An orb by any other name . . .
Planemos, KPOs, ‘super-Plutos’ — the debate over what constitutes a planet is far from settled

| 26 February 2003

 

Quaoar

This NASA illustration compares the sizes of Earth, its moon, Pluto, and Quaoar, a recently discovered Kuiper Belt Object - and the largest of the 600-some trans-Neptunian bodies so named, all of whose orbits are dominated by that planet. Depending on which astronomer you ask, there are one, two, or three planets in this image. While some would deny even Pluto that title, others would include Quaoar and other extremely large Kuiper Belt Objects.
Image courtesy NASA

Ask any kid how many planets are in our solar system, and you’ll get a firm answer: nine. But knock on a few doors in Berkeley’s astronomy department, and you’ll hear, amid the hemming and hawing, a whole range of numbers.
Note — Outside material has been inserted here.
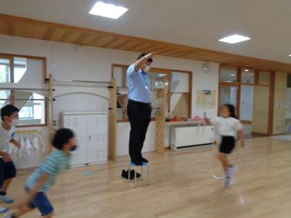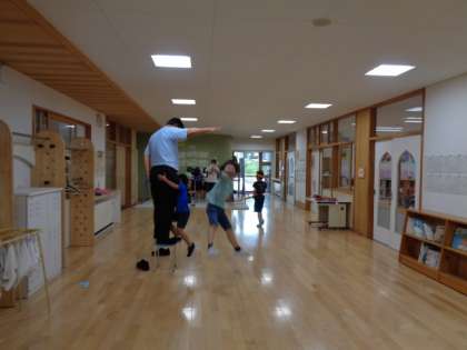 覗いてみると、なんと校長先生が子供たちのジャンプの的になっていました。大喜びで列をつくる子供たち。楽しく遊んでもらって、いつもたくさんお話を聞いてくださる校長先生が大好きな子供たちです。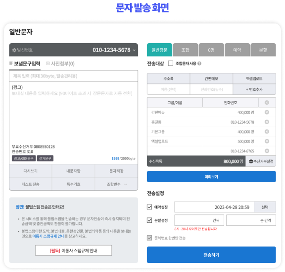 엑셀 파일을 업로드하여 대량 문자 발송이 가능하며,

Professor Gibor Basri, who plans soon to propose a formal definition of a planet to the international body that names astronomical objects, argues that there are at least 14 planets, and perhaps as many as 20. To the well-known list of nine he adds several large asteroids (such as Vesta, Pallus, and Ceres) and more distant objects from the rocky swarm called the Kuiper Belt circling beyond the orbit of Neptune.

Professor Imke de Pater and Assistant Professor Eugene Chiang, on the other hand, toss out Pluto without a backward glance. It’s just a big rock, they say, a former member of the Kuiper Belt, puppy-dogging Neptune around the solar system.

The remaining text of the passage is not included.